> Prompt
The entries below must be reproduced exactly; their pictures are not part of the copy.

━━━━

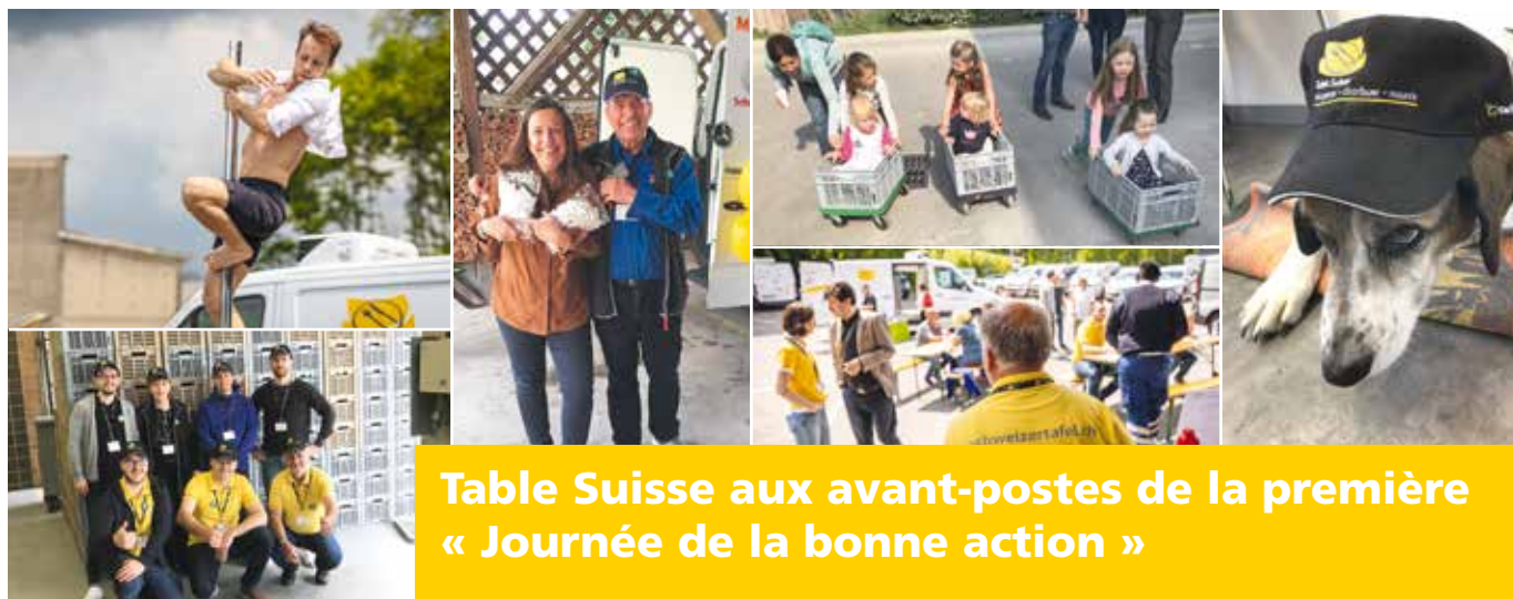
Table Suisse aux avant-postes de la première « Journée de la bonne action »

Dans le cadre de sa campagne « Des paroles aux actes », Coop a lancé le 25 mai 2019 une « Journée de la bonne action », invitant collaborateurs, partenaires et clients à profiter de cette journée pour faire une bonne action. Pour multiplier l'effet de la journée, cinq organisations ont été choisies pour être les partenaires de cette première édition. Et parmi elles, Table Suisse. Avec notre action « Un panier de plus », nous avons récolté des dons d'aliments apportés par la population et avons profité de l'occasion pour organiser une journée portes ouvertes placée sous le signe de la famille.
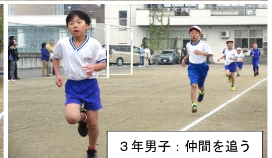
3年男子：仲間を追う
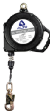
A/RIS-M 15mt A/RIS 15mt (sin mosqueton)

Cable de acero inoxidable Gancho chico acero Caja termoplástica Anclaje giratorio
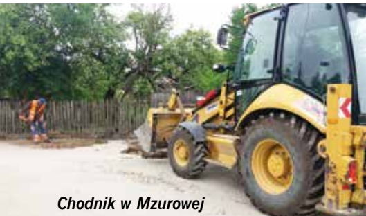
Chodnik w Mzurowej
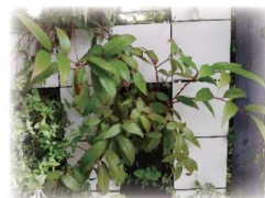
セイヨウイワナンテン 'アキシラリス'
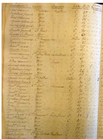
Padró d'habitants de Sant Francesc de Formentera de 1834 l'Arxiu Històric d'Eivissa
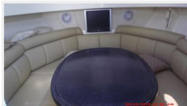
Main Cabin 1
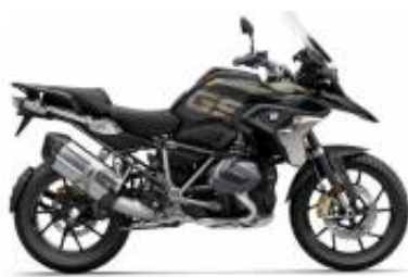
R 1250 GS LC + $187.68
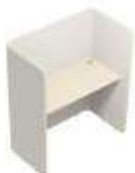
Composition 3 Dim : L. 117 x P. 65 x H. 135 cm
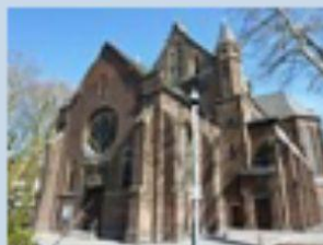
St. Mariä Empfängnis Lürrip
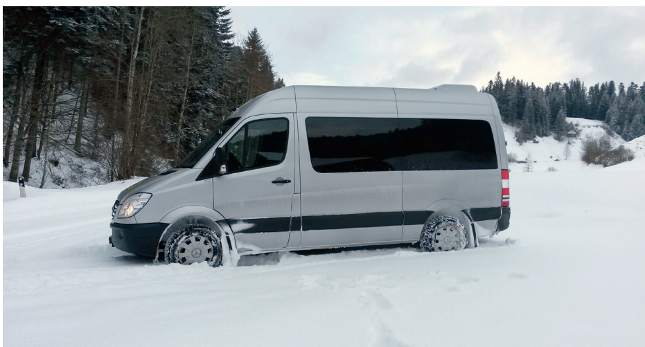
Der Schneetourenbus in der Tourenregion Napf

Durch die mediale Aufmerksamkeit des Pilotprojekts kommen neue Gäste und damit auch KundInnen in die Region. Mit der Reservationsfunktion gibt es zudem Hinweise auf die Auslastung der einzelnen Kurse. Leerfahrten und schlecht ausgelastete Kurse können vermieden werden. Die Transportunternehmen entscheiden selbstständig, welche Fahrten sie durchführen; damit haben sie Kostenkontrolle.

━━━━

> Result of the exercise
Table Suisse aux avant-postes de la première « Journée de la bonne action »

Dans le cadre de sa campagne « Des paroles aux actes », Coop a lancé le 25 mai 2019 une « Journée de la bonne action », invitant collaborateurs, partenaires et clients à profiter de cette journée pour faire une bonne action. Pour multiplier l'effet de la journée, cinq organisations ont été choisies pour être les partenaires de cette première édition. Et parmi elles, Table Suisse. Avec notre action « Un panier de plus », nous avons récolté des dons d'aliments apportés par la population et avons profité de l'occasion pour organiser une journée portes ouvertes placée sous le signe de la famille.
3年男子：仲間を追う
A/RIS-M 15mt A/RIS 15mt (sin mosqueton)

Cable de acero inoxidable Gancho chico acero Caja termoplástica Anclaje giratorio
Chodnik w Mzurowej
セイヨウイワナンテン 'アキシラリス'
Padró d'habitants de Sant Francesc de Formentera de 1834 l'Arxiu Històric d'Eivissa
Main Cabin 1
R 1250 GS LC + $187.68
Composition 3 Dim : L. 117 x P. 65 x H. 135 cm
St. Mariä Empfängnis Lürrip
Der Schneetourenbus in der Tourenregion Napf

Durch die mediale Aufmerksamkeit des Pilotprojekts kommen neue Gäste und damit auch KundInnen in die Region. Mit der Reservationsfunktion gibt es zudem Hinweise auf die Auslastung der einzelnen Kurse. Leerfahrten und schlecht ausgelastete Kurse können vermieden werden. Die Transportunternehmen entscheiden selbstständig, welche Fahrten sie durchführen; damit haben sie Kostenkontrolle.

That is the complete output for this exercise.